We are curious where the community is on thoughts about this problem where there is no “enrollment” information. We are using a large, unadjudicated claims database from a large clearinghouse. As such, we have no enrollment data. The observation period table is populated by taking the first and last claim date. For calculating rates the denominator is too large and the rates are too small (compared with other data sources). We ran into this when we calculated historic background rates for Covid vaccine side effects and got unusually low rates compared to other large databases in the US. Since we are fairly sure we are capturing events accurately, we think that the culprit must be in the denominator.
The default for populating the observation period table is to use the first encounter as Start Date and the last encounter as End Date for the Observation Period. But in-between could be years of no activity, and we are making the assumption the patient is just healthy. Do people have a better approach?

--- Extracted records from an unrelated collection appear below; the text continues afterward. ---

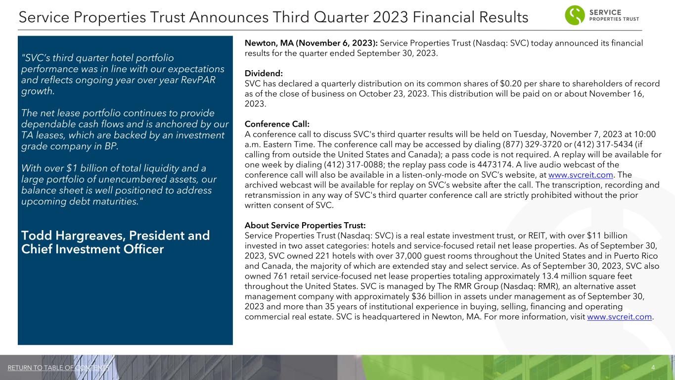 4RETURN TO TABLE OF CONTENTS Newton, MA (November 6, 2023): Service Properties Trust (Nasdaq: SVC) today announced its financial results for the quarter ended September 30, 2023. Dividend: SVC has declared a quarterly distribution on its common shares of $0.20 per share to shareholders of record as of the close of business on October 23, 2023. This distribution will be paid on or about November 16, 2023. Conference Call: A conference call to discuss SVC's third quarter results will be held on Tuesday, November 7, 2023 at 10:00 a.m. Eastern Time. The conference call may be accessed by dialing (877) 329-3720 or (412) 317-5434 (if calling from outside the United States and Canada); a pass code is not required. A replay will be available for one week by dialing (412) 317-0088; the replay pass code is 4473174. A live audio webcast of the conference call will also be available in a listen-only-mode on SVC’s website, at www.svcreit.com. The archived webcast will be available for replay on SVC’s website after the call. The transcription, recording and retransmission in any way of SVC's third quarter conference call are strictly prohibited without the prior written consent of SVC. About Service Properties Trust: Service Properties Trust (Nasdaq: SVC) is a real estate investment trust, or REIT, with over $11 billion invested in two asset categories: hotels and service-focused retail net lease properties. As of September 30, 2023, SVC owned 221 hotels with over 37,000 guest rooms throughout the United States and in Puerto Rico and Canada, the majority of which are extended stay and select service. As of September 30, 2023, SVC also owned 761 retail service-focused net lease properties totaling approximately 13.4 million square feet throughout the United States. SVC is managed by The RMR Group (Nasdaq: RMR), an alternative asset management company with approximately $36 billion in assets under management as of September 30, 2023 and more than 35 years of institutional experience in buying, selling, financing and operating commercial real estate. SVC is headquartered in Newton, MA. For more information, visit www.svcreit.com. Service Properties Trust Announces Third Quarter 2023 Financial Results "SVC’s third quarter hotel portfolio performance was in line with our expectations and reflects ongoing year over year RevPAR growth. The net lease portfolio continues to provide dependable cash flows and is anchored by our TA leases, which are backed by an investment grade company in BP. With over $1 billion of total liquidity and a large portfolio of unencumbered assets, our balance sheet is well positioned to address upcoming debt maturities." Todd Hargreaves, President and Chief Investment Officer
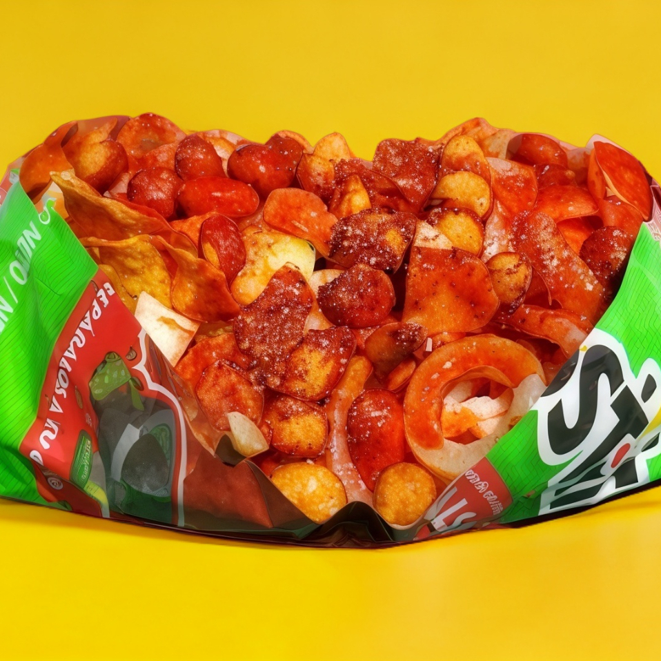 Tostitos con cacahuates, churros, pepino, chachaca, cueritos, chile y chamoy. (clamato se manda por separado para que llegue en buen estado).
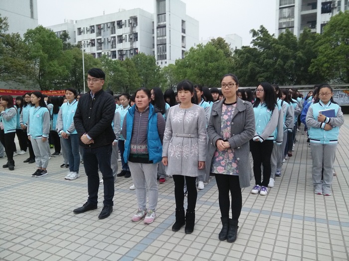 在全体师生的注目下,英姿飒爽的国防生们护送鲜艳的五星红旗入场,伴随着庄严的中华人民共和国国歌,五星红旗冉冉升起,迎风飘扬,在场的每一个人向国旗行注目礼,进行宣誓,身怀对祖国的无限热爱和崇高敬意。
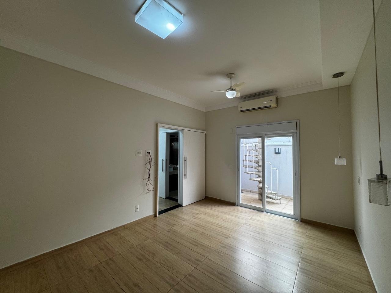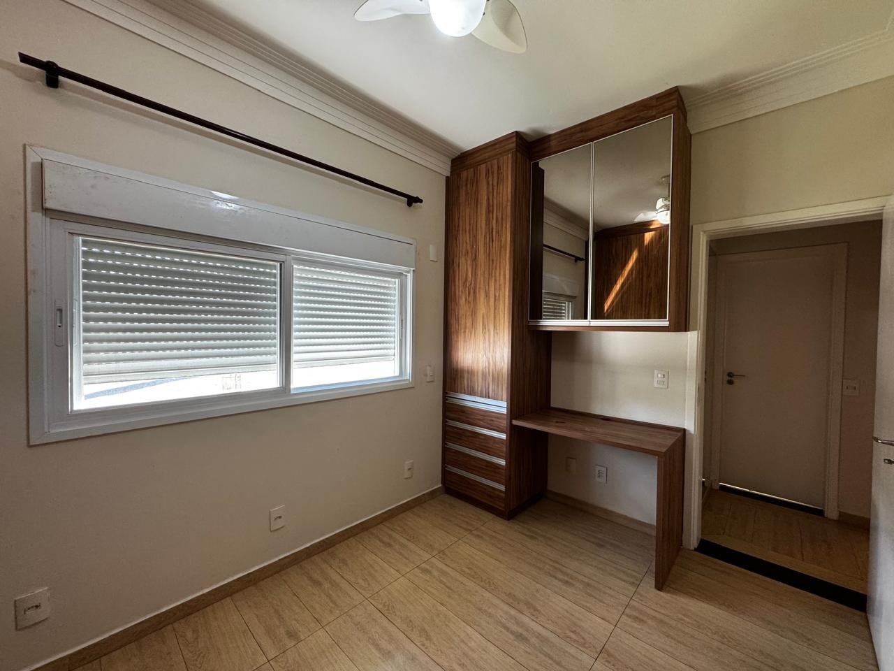 O quarto da frente é equipado com ar-condicionado, ventilador, armário planejado, cabeceira e escritório planejado.
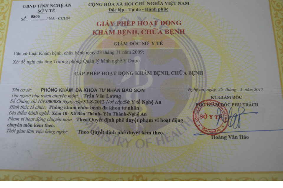 | Giấy phép hoạt động của phòng khám |
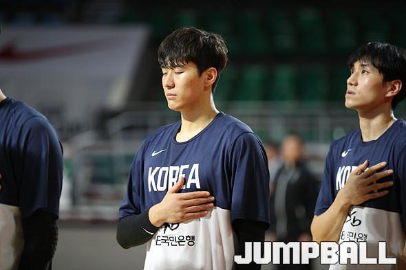23일 잠실학생체육관에서 열린 국제농구연맹(FIBA) 아시아컵 2021 예선 한국과 태국의 A조 두 번째 경기에 앞서 애국가가 연주되자 경건한 자세로 경기 시작을 준비하고 있다.
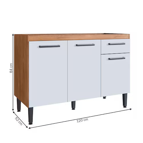 Balcão de Pia Giovanna — 120cm com 3 Portas e 1 Gaveta | Organização e Estilo para Sua Cozinha
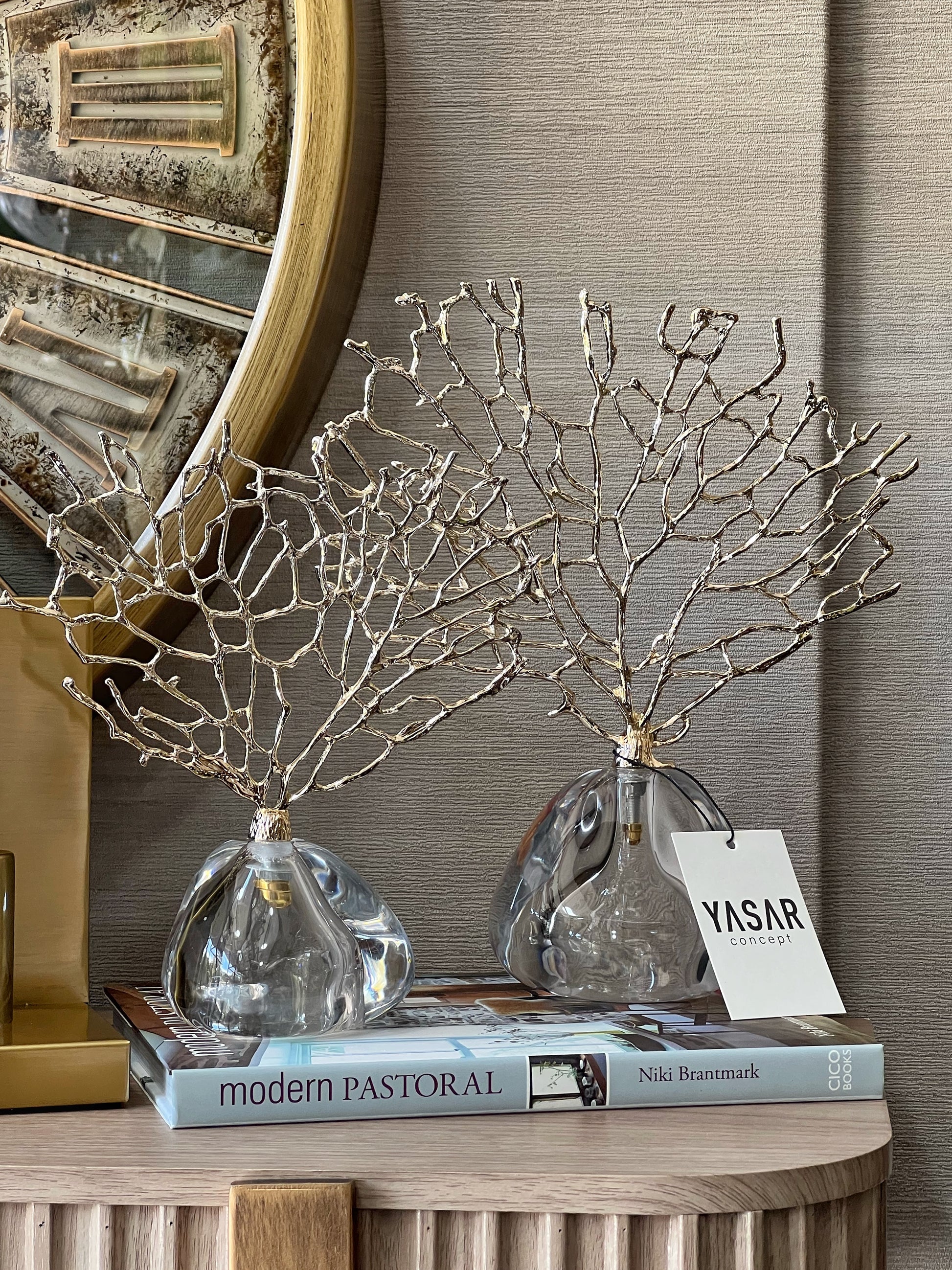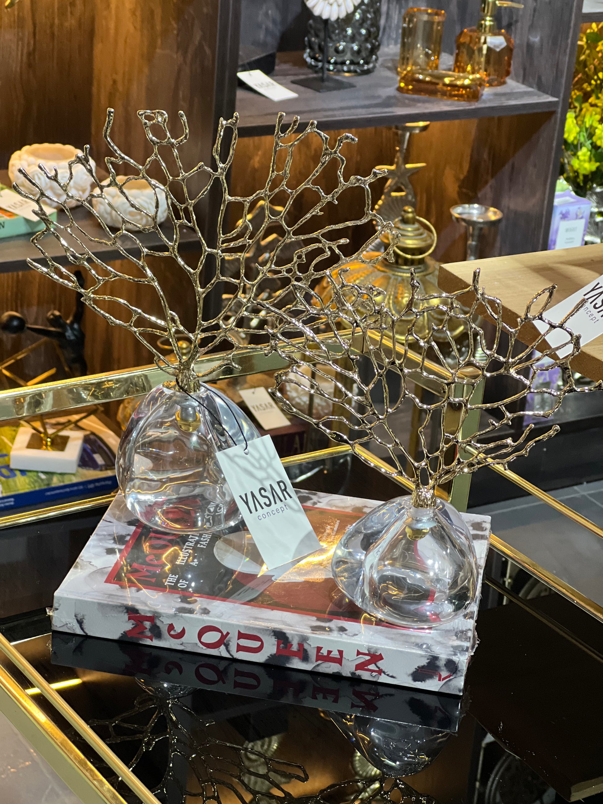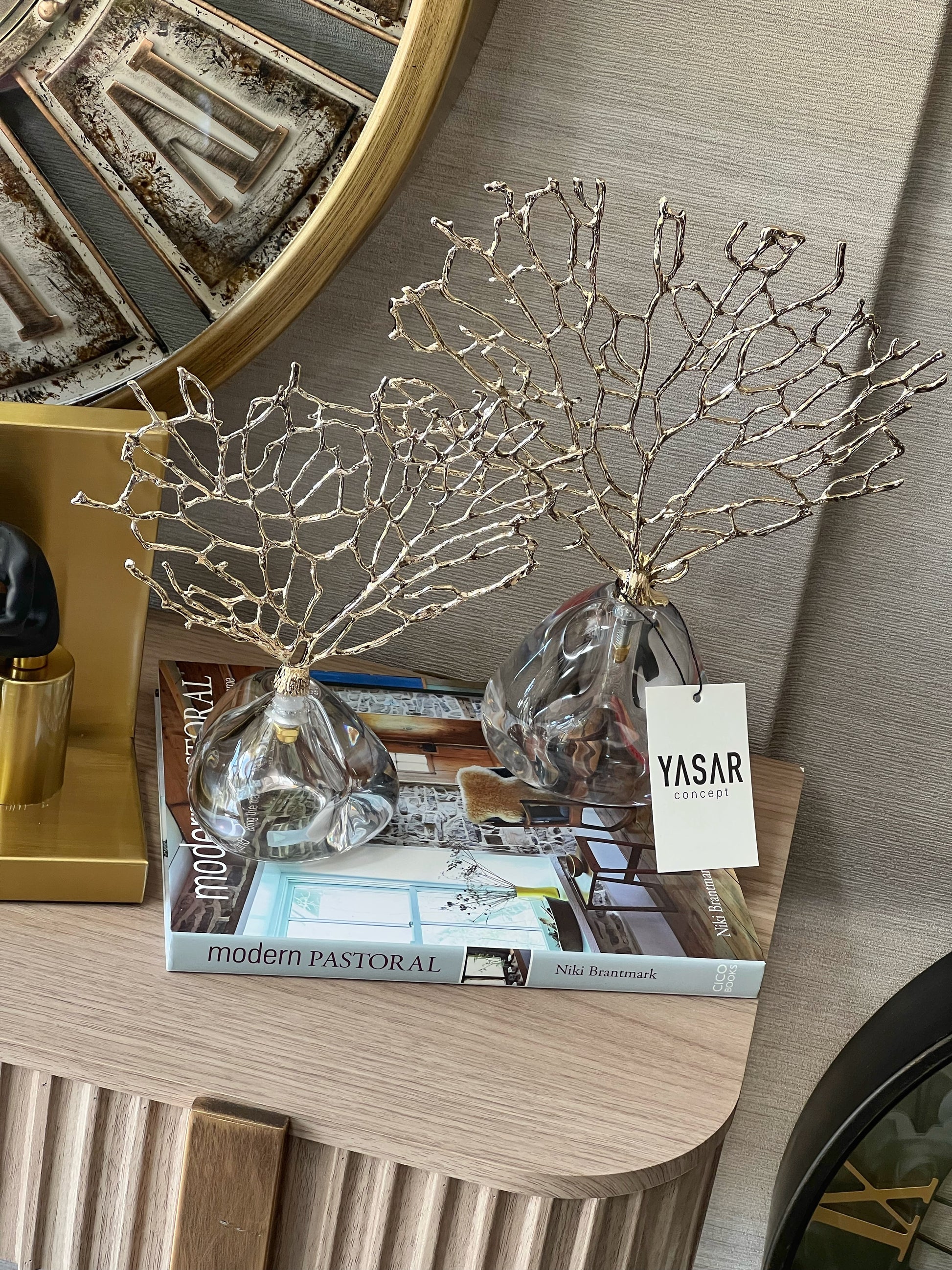 Corallium Metal ve Cam Dekoratif Mercan Obje Gold Set

We were thinking about the following: What if we create the observation table in the same way as the drug_era/condition_era tables in the OMOP ETL. This means, we would string together claims from all sources (condition, procedure, drug, etc) that are close together (we would like help defining what is close enough, but it may be an empirical question), but if there is too much gap we let the Observation Period tear off. In building observation period eras we would treat them identically and create eras where the person was using services. We would need to specify the persistence window when a new era would start, but beyond this the ETL code for condition and drug era already exists to do this. In essence, instead of having one long observation period you would have a few, interrupted by some gap of a maximal duration (half year perhaps?).
Has anyone solved this problem? What are your thoughts? Thanks in advance.